The National Defense Strategy (or NDS) is produced by the United States Office of the Secretary of Defense (OSD) and is signed by the United States Secretary of Defense as the United States Department of Defense's (DoD) capstone strategic guidance. The NDS translates and refines the National Security Strategy (NSS) (produced by the U.S. President's staff and signed by the President) into broad military guidance for military planning, military strategy, force posturing, force constructs, force modernization, etc. It is expected to be produced every four years and to be generally publicly available. 
 

 
 

The NDS informs another related document, the National Military Strategy (NMS), written by the Joint Chiefs of Staff and signed by its Chairman (CJCS).
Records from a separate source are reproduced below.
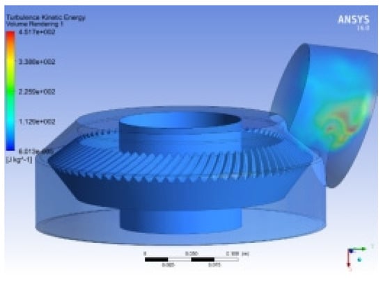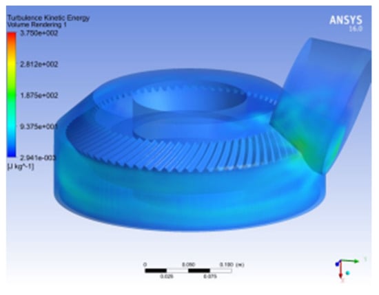 The energy loss caused by the windage of the gear pair would be dissipated as the turbulent motion of the fluid in the gearbox. The windage power loss represents the kinetic energy loss per unit time caused by the windage torque when the gear rotates. When the gearbox is closed, the lost kinetic energy is converted into heat energy through the viscous force between the fluid clusters, resulting in an increase in the turbulent kinetic energy of the fluid. Figure 13 shows the turbulent kinetic energy cloud diagram of the gear pair flow field.
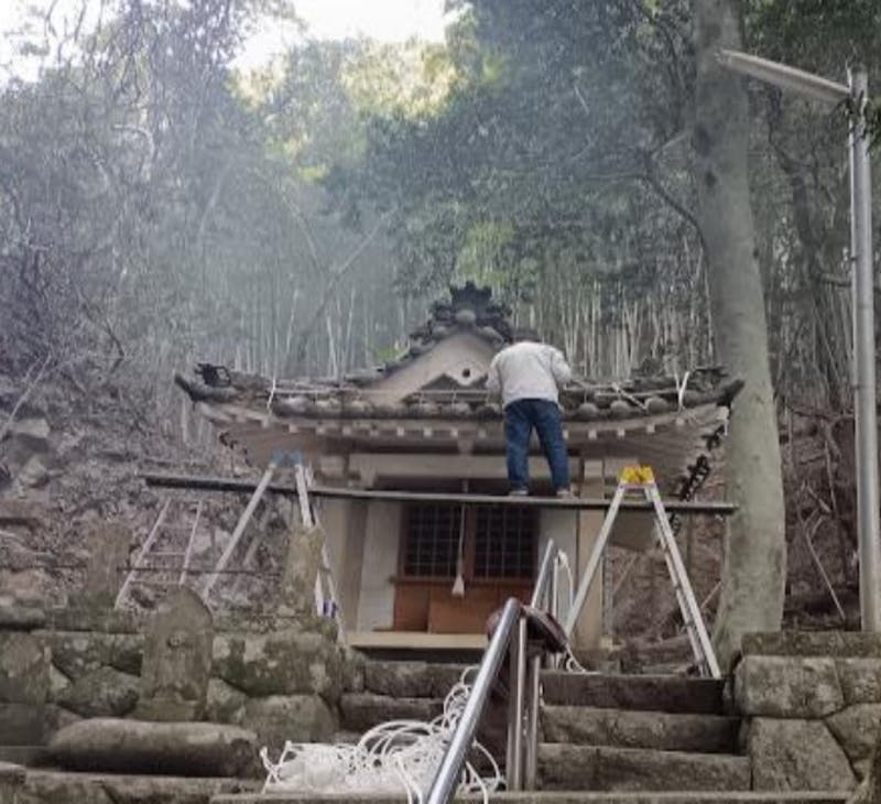 霊府堂の屋根も、ずいぶん前から傷みズレていました。
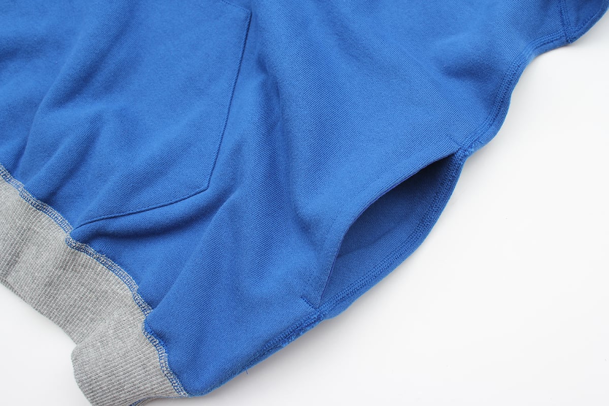 縫製の都合上、カンガルーポケットが大き過ぎるとシームポケットが浅くなってしまう、シームポケットを深くしすぎるとカンガルーポケットが不自然な小ささになってしまう為、一番ベストだと思う所に着地しました。
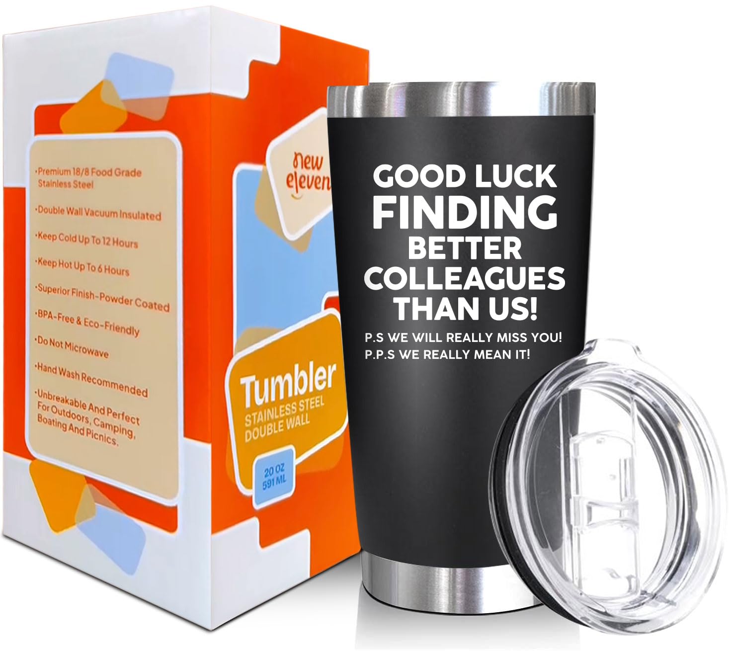 Dites adieu avec style : un collègue quitte-t-il bientôt votre lieu de travail ? Ne les laissez pas partir sans les surprendre avec notre gobelet d'adieu – un cadeau parfait pour un collègue spécial. Cadeau de départ de collègue, cadeau de départ pour collègue – Profitez de vos boissons préférées, peu importe où vous êtes avec ce gobelet en acier inoxydable. Cadeaux de départ pour collègues - Cadeau d'adieu / de départ - Cadeau Ce verre à vin vous rappelle que la retraite vous donne la chance de faire tout ce que vous voulez sans vous soucier du travail., Design amusant pour les cadeaux d'adieu : voir un bon ami partir du lieu de travail n'est jamais facile Faites-en votre récipient idéal pour la tuyauterie de café chaud, de thés glacés aux fruits, de jus, de champagne, de smoothies, de sodas, de crème glacée, de boissons énergisantes, de milkshake. NewEleven Gobelet De 591 Ml – Cadeau D'adieu Pour Collègue, Tasse En Acier Inoxydable Sans BPA, Isolation Sous Vide à Double Paroi, Cadeau De Départ Pour Homme Et Femme, Cadeau De Chance Célébrez vos souvenirs : voir un bon ami quitter le lieu de travail n'est jamais facile. Isolation sous vide à double paroi : fabriquée avec une isolation sous vide à double paroi, cette bouteille de 591 ml peut conserver la température idéale de n'importe quelle boisson plus longtemps. Avec ce gobelet sous vide à double paroi, vous pouvez remercier votre collègue pour les moments que vous avez partagés ensemble. Cadeaux d'affaires Double paroi en acier inoxydable isolé gobelet de voyage tasse à café étanche avec manchon en cuir bouteille sous vide · Couleur (5) · Capacité...
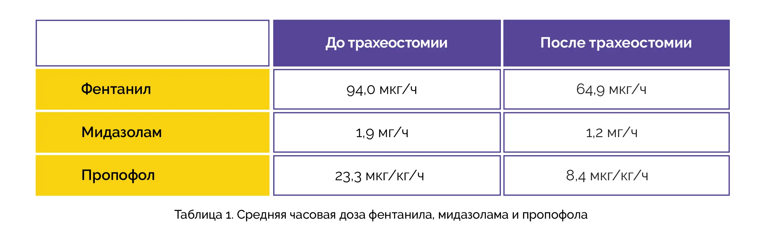 В общей сложности 128 участникам трахеостомия была проведена в среднем через 19,4 дня (после интубации), при этом в 66 % случаев операция была выполнена чрескожно у постели пациента. Через 48 часов после трахеостомии значимо снизилась средняя часовая доза фентанила, мидазолама и пропофола (таблица 1).
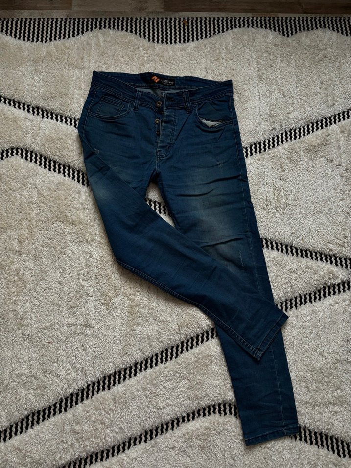 Düğmeli, regular fit, lacivert renkte, günlük rahat sokak stili için uygun midi uzunlukta erkek kot pantolon.
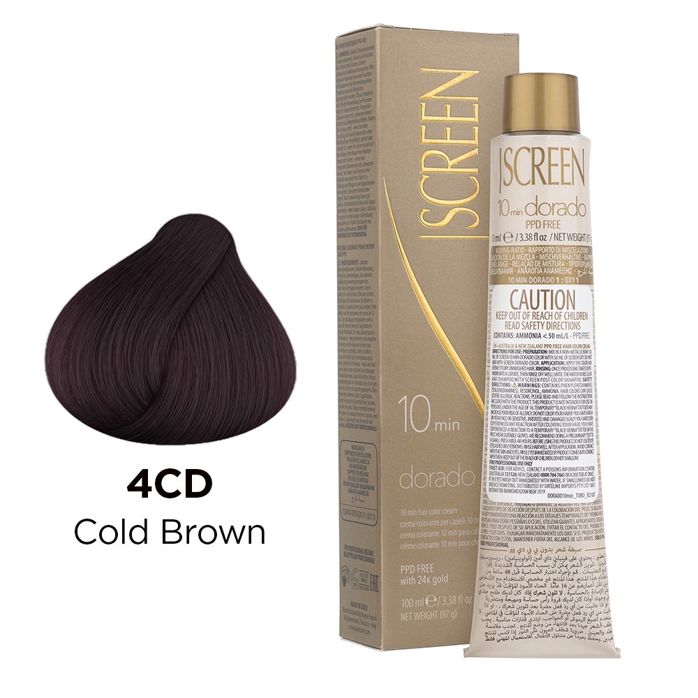 Ultra-fast, efficient and high performance, Screen 10 Min Dorado Hair Colour Cream 4CD Cold Brown is a salon dream. With only 10 minutes processing time, this PPD-free and paraben-free colouring cream is ideal for root touch-ups, grey coverage and male clients desiring colour blending. Enriched with 24K gold for incredible light-reflecting results, vibrant shine and rich vibrancy. Maximum grey coverage and uniform, long-lasting results. Only 10 minutes to incredible colour with superb tonal richness! Elite colour created in Italy.
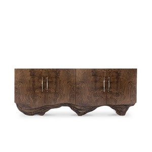 Benny Benlolo chooses a statement chair to captive the attention of the entryway, and there’s nothing better than the Drapesse Armchair, by Koket, that it has a lot of character, to steal the attention of the room. Contrasting with such an iconic furniture piece is the Huang Sideboard, by Brabbu, this wood sideboard brings instant character to the neoclassic interior design.
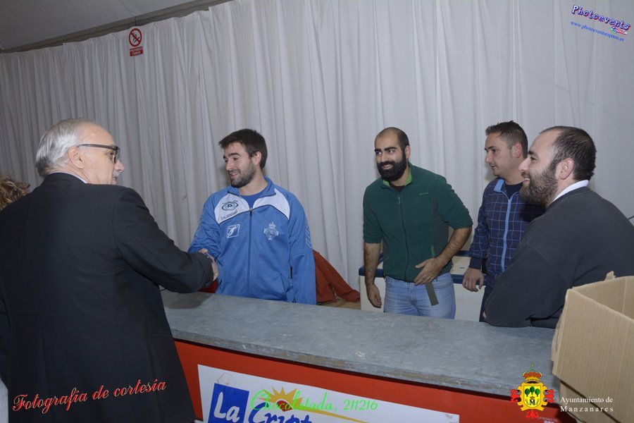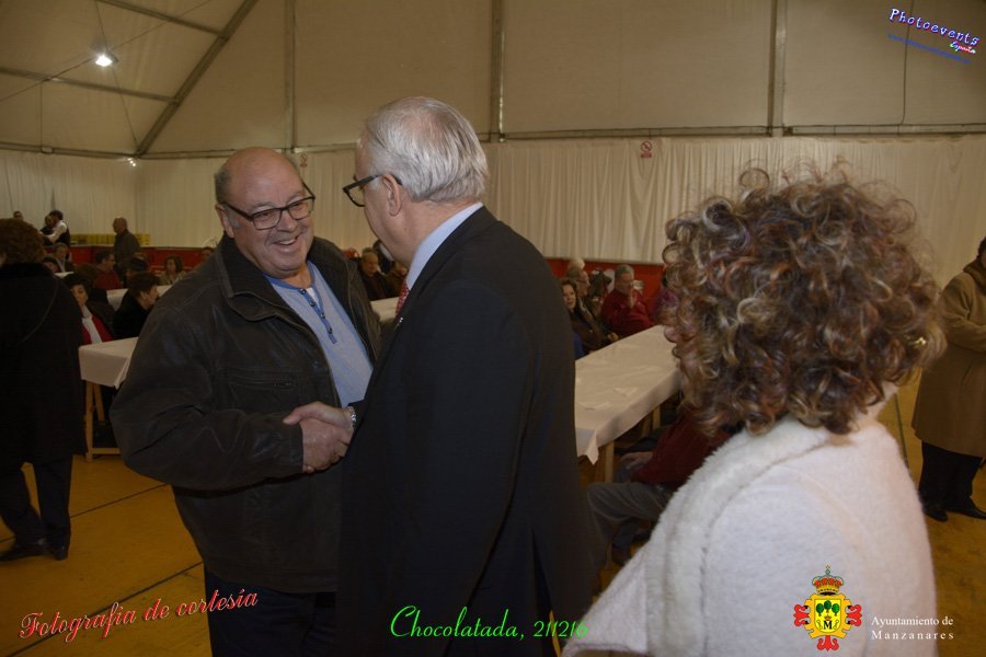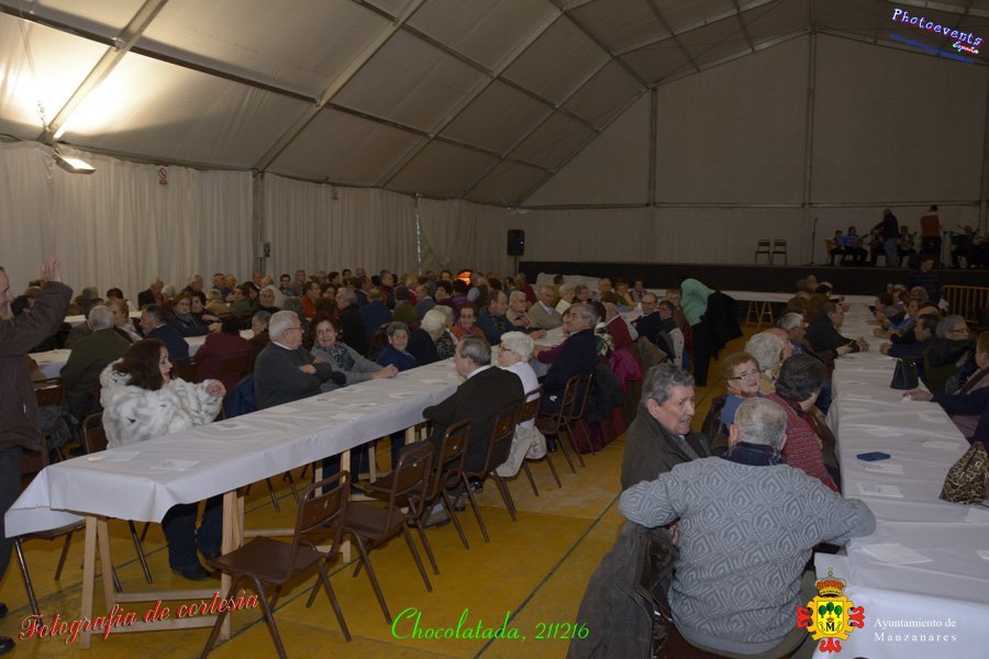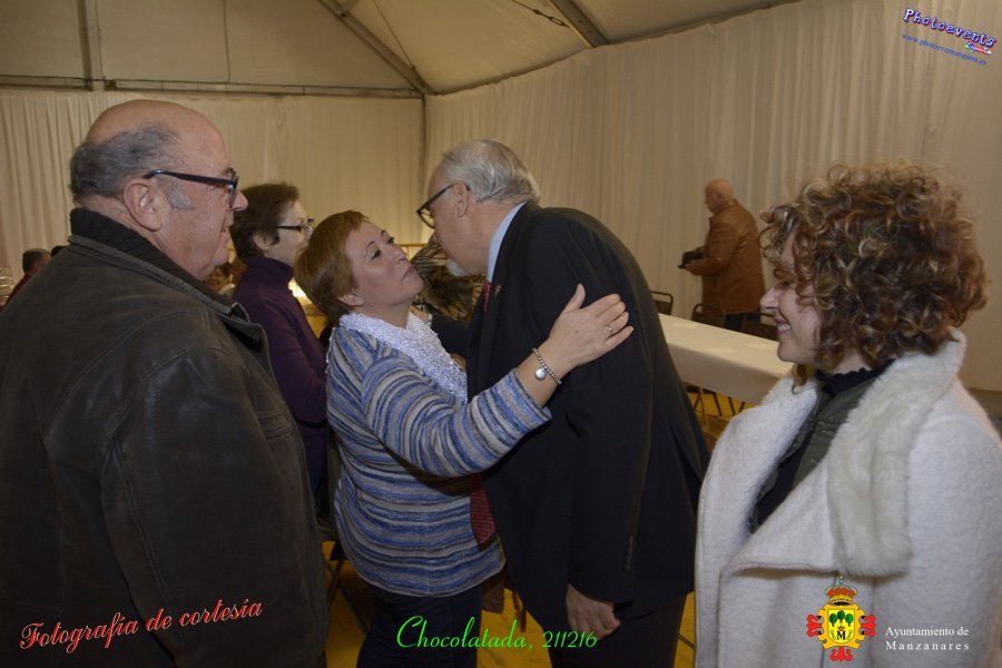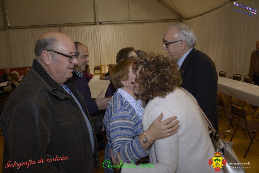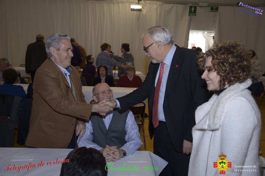 Fotografías realizadas durante la chocolatada y el espectáculo para los mayores de la Manzanares, dicho acto fue presidido por Julíán Nieva Delgado (Alcalde de Manzanares), Beatriz Labian (Concejala de Servicios Sociales) y Prado Zúñiga (Directora provincial de Bienestar Social), los cuales estuvieron acompañados por la directora y trabajadora social del centro de día de Mayores en la localidad. Se aprovecho el momento para realizar públicamente la entrega de premios de los distintos concursos realizados en pasados días, tales como Petanca y Tute por parejas, Parchís, Chinchón, Cinquillo y Ajedrez. El acto estuvo amenizado en todo momento por el grupo de Folklore local Manuel de Falla, el cual se despedía con unos villancicos y dando paso a un poco de baile con pasodobles, donde pudieron bailar los más atrevidos. El acto tuvo lugar el pasado día 21 de Diciembre en la localidad de Manzanares, Ciudad Real.
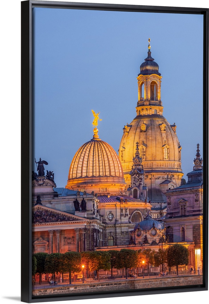 <p>Skyline of Dresden at dusk with Bruehl's Terrace ,Academy of Fine Arts, Church of Our Lady, Dresden, Saxony, Germany.</p>
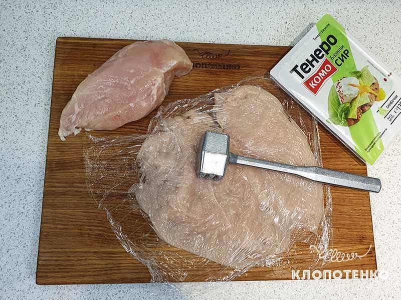 Розкрийте куряче філе «книжкою». Накрийте його харчовою плівкою і відбийте пласкою стороною молоточка, щоб не пошкодити й не розірвати волокна м'яса.
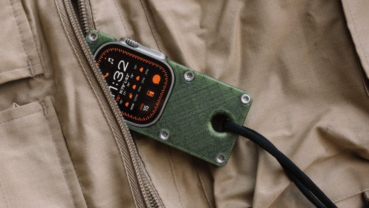 Dank offener Rückseite bleibt kabelloses Laden möglich, ohne die Uhr aus dem Case zu nehmen. Eine integrierte Öse samt Paracord-Band sorgt für zusätzliche Sicherung. Die Hardware-Elemente sind wahlweise in Edelstahl oder Schwarz gehalten.
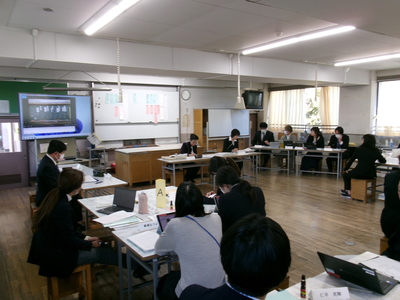 本校で、5時間目に全学級で授業を公開し、ICTを活用した各教科の学習を雪谷中学校、池雪小学校の先生方に参観していただきました。その後は分科会に分かれ、本日の授業に関してやICTの活用の仕方、こどもたちの様子、今年度を通しての振り返り等について話し合いました。
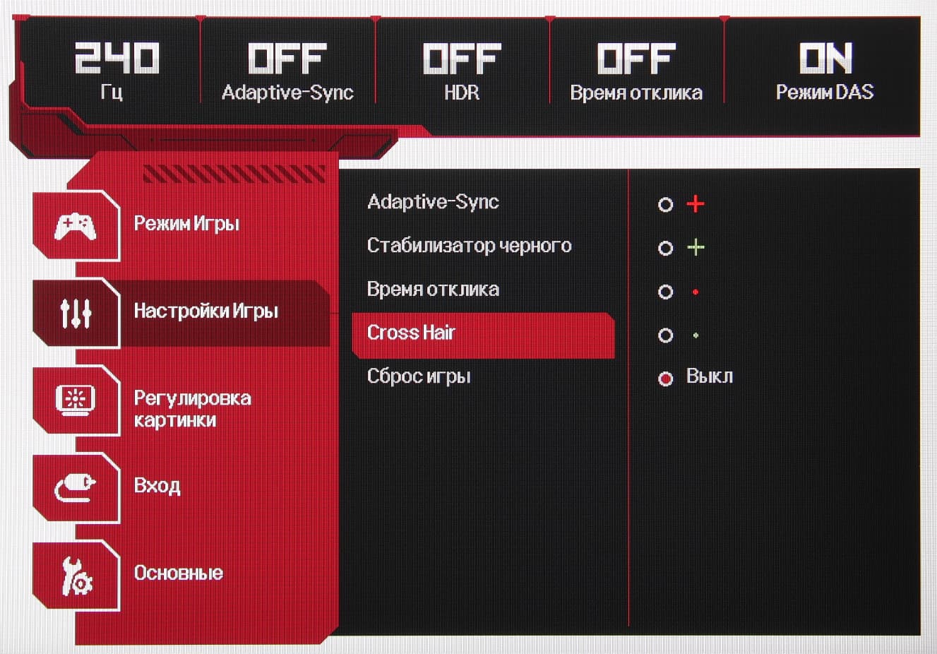 Из дополнительных возможностей присутствует одна «геймерская» функция: вывод в центре экрана прицела выбранной формы.
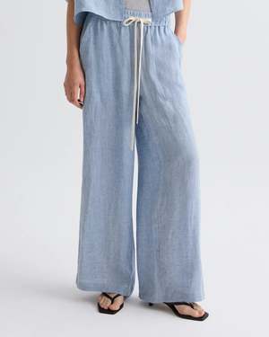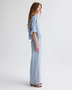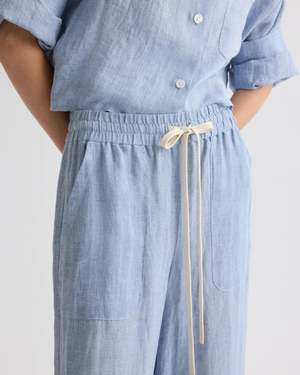 Mid-rise, pull-on pants in lightweight washed hemp denim. This fabric is lightweight and washed to create a naturally distressed effect. The Main St. has a relaxed, wide leg. Complete with deep side pockets, elasticated waistband, and cotton drawstring. Composition: 100% Hemp Color: Light Indigo Fit: Model is 5'10'' with 32.5'' bust / 34.5'' hips. Wearing size S.
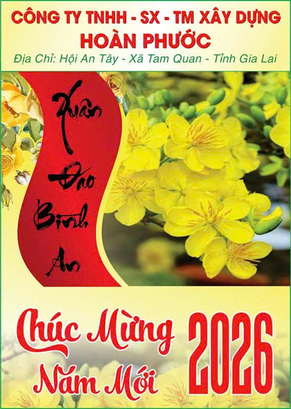 Nhân dịp Tết Bính Ngọ 2026 đang về, Công ty TNHH Sản xuất Thương mại Xây dựng Hoàn Phước (thôn Hội An Tây, phường Tam Quan, tỉnh Gia Lai) xin gửi lời chúc An khang, Thịnh vượng,Vạn sự như ý.
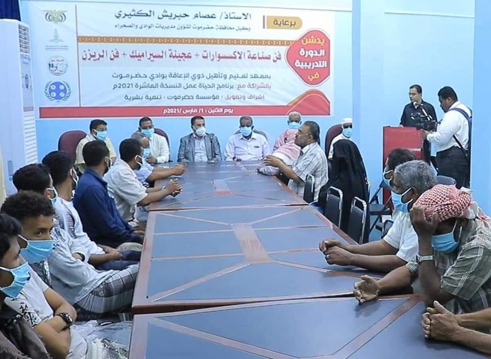 دشّن وكيل محافظة حضرموت المساعد لشؤون الوادي والصحراء المهندس هشام محمد السعيدي ، اليوم ، دورة تدريبية في مجال فن صناعة الاكسسوارات وعجينة السيراميك وفن الريزن ، التي ينفذها مركز تعليم وتأهيل ذوي الإعاقة بوادي حضرموت بالشراكة مع برنامج الحياة عمل النسخة العاشرة 2021م واشراف وتمويل مؤسسة حضرموت للتنمية البشرية .

The NMS and NDS often agree, but since the CJCS's role is to give unfiltered military advice to the government, the NMS is also an opportunity for the CJCS to provide a contrary opinion, however rare. In any case, the NMS is a further refinement of the NDS to provide the U.S. military with more detailed guidance for theater campaign planning, modernization, force posturing, and force structure.

Moreover, the NMS is often classified, while the NDS is generally not. According to a fact sheet from the Department of Defense the March 2022 version is classified, however an "unclassified NDS will be forthcoming".

In 2018, the NDS became the sole successor to the Quadrennial Defense Review (QDR).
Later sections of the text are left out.